━━━ DATA PROVIDED
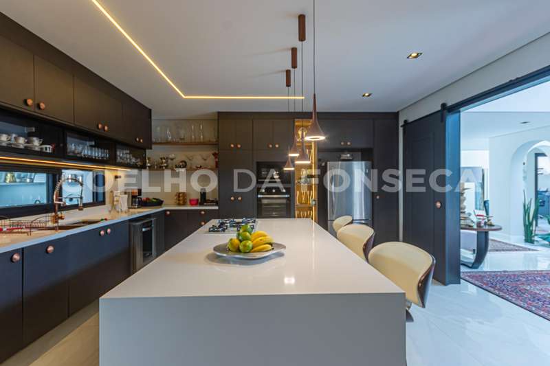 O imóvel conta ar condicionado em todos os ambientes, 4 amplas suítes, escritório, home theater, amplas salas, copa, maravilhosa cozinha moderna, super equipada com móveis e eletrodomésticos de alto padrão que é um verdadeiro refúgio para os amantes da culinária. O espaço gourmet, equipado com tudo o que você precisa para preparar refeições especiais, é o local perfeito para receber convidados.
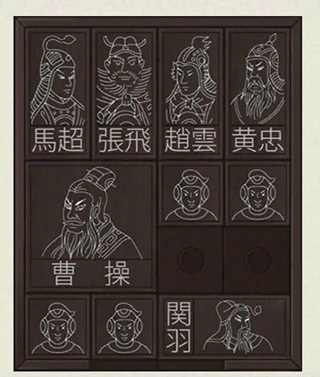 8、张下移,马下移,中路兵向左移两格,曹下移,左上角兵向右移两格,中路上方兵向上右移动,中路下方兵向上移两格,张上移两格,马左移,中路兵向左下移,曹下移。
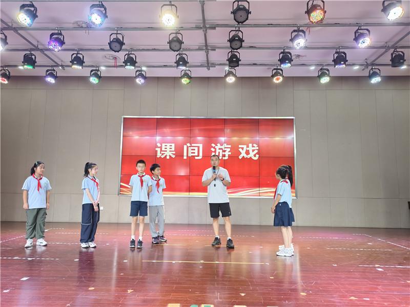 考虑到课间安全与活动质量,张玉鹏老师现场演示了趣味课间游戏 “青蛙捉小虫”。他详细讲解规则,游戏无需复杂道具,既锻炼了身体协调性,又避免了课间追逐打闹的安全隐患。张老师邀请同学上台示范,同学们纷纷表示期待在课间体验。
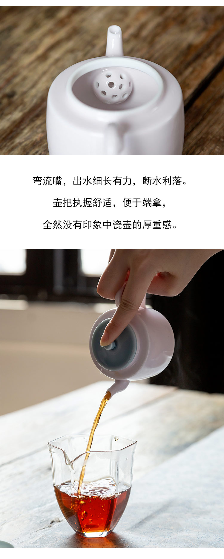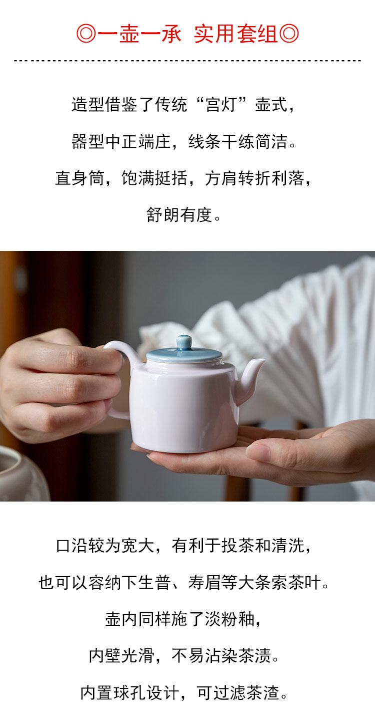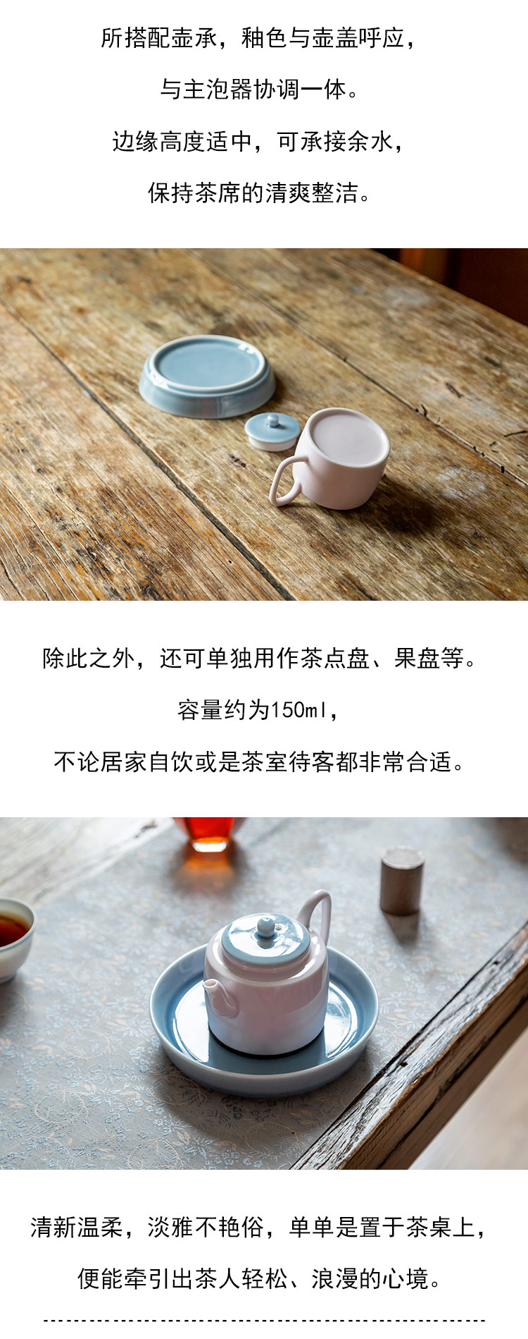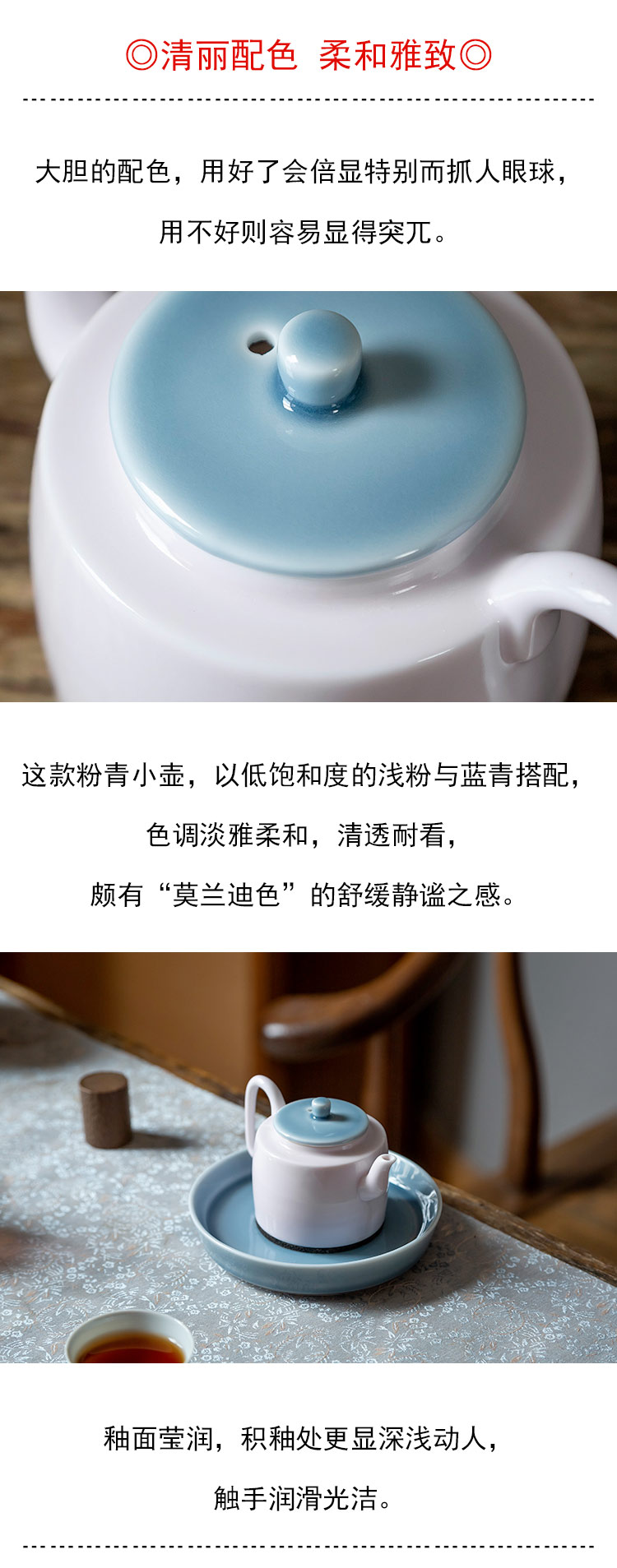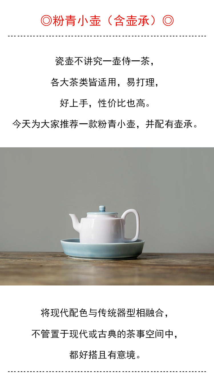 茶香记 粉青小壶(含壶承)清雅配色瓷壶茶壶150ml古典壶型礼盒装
━━━━━━
▸ **TASK STATEMENT**: Would you print the whole listing exactly, omitting the pictures?

▸ **SOLUTION TO THIS PROBLEM**:
 O imóvel conta ar condicionado em todos os ambientes, 4 amplas suítes, escritório, home theater, amplas salas, copa, maravilhosa cozinha moderna, super equipada com móveis e eletrodomésticos de alto padrão que é um verdadeiro refúgio para os amantes da culinária. O espaço gourmet, equipado com tudo o que você precisa para preparar refeições especiais, é o local perfeito para receber convidados.
 8、张下移,马下移,中路兵向左移两格,曹下移,左上角兵向右移两格,中路上方兵向上右移动,中路下方兵向上移两格,张上移两格,马左移,中路兵向左下移,曹下移。
 考虑到课间安全与活动质量,张玉鹏老师现场演示了趣味课间游戏 “青蛙捉小虫”。他详细讲解规则,游戏无需复杂道具,既锻炼了身体协调性,又避免了课间追逐打闹的安全隐患。张老师邀请同学上台示范,同学们纷纷表示期待在课间体验。
 茶香记 粉青小壶(含壶承)清雅配色瓷壶茶壶150ml古典壶型礼盒装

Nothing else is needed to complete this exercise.